1) Install and configure Keycloak

Download and install the latest Keycloak distribution (tested with 1.8.0). Start keycloak in standalone mode by running 'sh bin/standalone.sh'.

1.1) Create users in Keycloak

First we need to create an admin user by navigating to the following URL, and entering a password:
  • http://localhost:8080/auth/
Click on the "Administration Console" link, logging on using the admin user credentials. You will see the configuration details of the "Master" realm. For the purposes of this demo, we will create a new realm. Hover the mouse pointer over "Master" in the top left-hand corner, and click on "Add realm". Create a new realm called "realmb". Now we will create a new user in this realm. Click on "Users" and select "Add User", specifying "alice" as the username. Click "save" and then go to the "Credentials" tab for "alice", and specify a password, unselecting the "Temporary" checkbox, and reset the password.

1.2) Create a new client application in Keycloak

Now we will create a new client application for the Fediz IdP in Keycloak. Select "Clients" in the left-hand menu, and click on "Create". Specify the following values:
  • Client ID: urn:org:apache:cxf:fediz:idp:realm-A
  • Client protocol: saml
  • Client SAML Endpoint: https://localhost:8443/fediz-idp/federation
Once the client is created you will see more configuration options:
  • Select "Sign Assertions"
  • Select "Force Name ID Format".
  • Valid Redirect URIs: https://localhost:8443/*
Now go to the "SAML Keys" tab of the newly created client. Here we will have to import the certificate of the Fediz IdP so that Keycloak can validate the signed SAML requests. Click "Import" and specify:
  • Archive Format: JKS
  • Key Alias: realma
  • Store password: storepass
  • Import file: stsrealm_a.jks
1.3) Export the Keycloak signing certificate

Finally, we need to export the Keycloak signing certificate so that the Fediz IdP can validate the signed SAML Response from Keycloak.

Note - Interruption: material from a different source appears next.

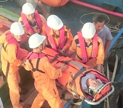 Thuyền viên Tình được đưa lên tàu cứu hộ. (Ảnh: Vietnam MRCC cung cấp) |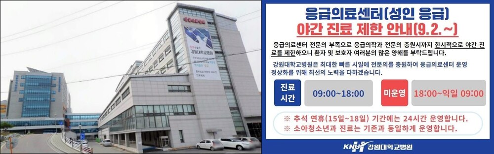 세종충남대병원은 9월 한달 동안 야간 응급실(성인응급) 진료를 제한다고 밝혔다. 다만 추석연휴기간인 9월 16일부터 18일까지는 24시간 운영한다. 강원대병원는 전문의 부족으로 추석연휴기간인 15일부터 18일까지를 제외하고 인력 충원이 될 때까지 무기한 야간 응급실 진료를 제한한다.

Select "Realm Settings" (for "realmb") and click on the "Keys" tab. Copy and save the value specified in the "Certificate" textfield.

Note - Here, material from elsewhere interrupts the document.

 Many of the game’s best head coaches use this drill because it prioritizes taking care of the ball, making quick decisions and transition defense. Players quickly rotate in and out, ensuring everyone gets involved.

2) Install and configure the Apache CXF Fediz IdP and sample Webapp

Follow a previous tutorial to deploy the latest Fediz IdP + STS to Apache Tomcat, as well as the "simpleWebapp". Test that the "simpleWebapp" is working correctly by navigating to the following URL (selecting "realm A" at the IdP, and authenticating as "alice/ecila"):
  • https://localhost:8443/fedizhelloworld/secure/fedservlet
2.1) Configure the Fediz IdP to communicate with Keycloak

Now we will configure the Fediz IdP to authenticate the user in "realm B" by using the SAML SSO protocol. Edit 'webapps/fediz-idp/WEB-INF/classes/entities-realma.xml'. In the 'idp-realmA' bean:
  • Change the port in "idpUrl" to "8443". 
In the 'trusted-idp-realmB' bean:
  • Change the "url" value to "http://localhost:8080/auth/realms/realmb/protocol/saml".
  • Change the "protocol" value to "urn:oasis:names:tc:SAML:2.0:profiles:SSO:browser".
  • Change the "certificate" value to "keycloak.cert".
2.2) Configure Fediz to use the Keycloak signing certificate

Copy 'webapps/fediz-idp/WEB-INF/classes/realmb.cert' to a new file called 'webapps/fediz-idp/WEB-INF/classes/keycloak.cert'. Edit this file + delete the content between the "-----BEGIN CERTIFICATE----- / -----END CERTIFICATE-----" tags, pasting instead the Keycloak signing certificate as retrieved in step "1.3" above.

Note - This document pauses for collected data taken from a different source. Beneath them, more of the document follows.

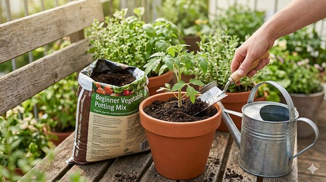 - 野菜専用の「培養土」: 土選びは最も重要です。あらかじめ肥料が配合されている「元肥(もとごえ)入り」の野菜用培養土を選べば、袋を開けてそのまま使えます。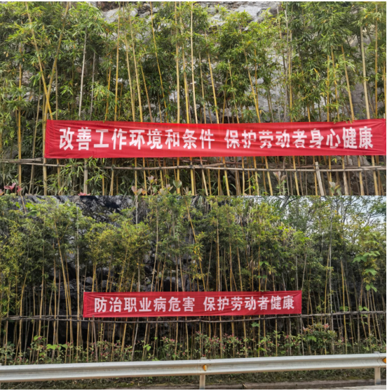 為使宣傳活動更深入人心,在礦山道路兩旁懸掛宣傳橫幅,時刻提醒各崗位職工的健康防護(hù)意識。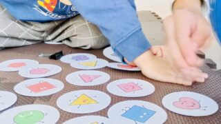 この日は、「表情・色・形カルタ」に挑戦しました。 「赤・丸・にこにこ」など、3つのことばを聞いて覚え、その条件に合うカードを探して取ります。 「どれだ…

The STS also needs to trust the Keycloak signing certificate. Copy keycloak.cert into 'webapps/fediz-idp-sts/WEB-INF/classes". In this directory import the keycloak.cert into the STS truststore via:
  • keytool -keystore ststrust.jks -import -file keycloak.cert -storepass storepass -alias keycloak
Restart Fediz to pick up the changes (you may need to remove the persistent storage first).

3) Testing the service

To test the service navigate to:
  • https://localhost:8443/fedizhelloworld/secure/fedservlet
Select "realm B". You should be redirected to the Keycloak authentication page. Enter the user credentials you have created. You will be redirected to Fediz, where it converts the received SAML token to a token in the realm of Fediz (realm A) and redirects to the web application.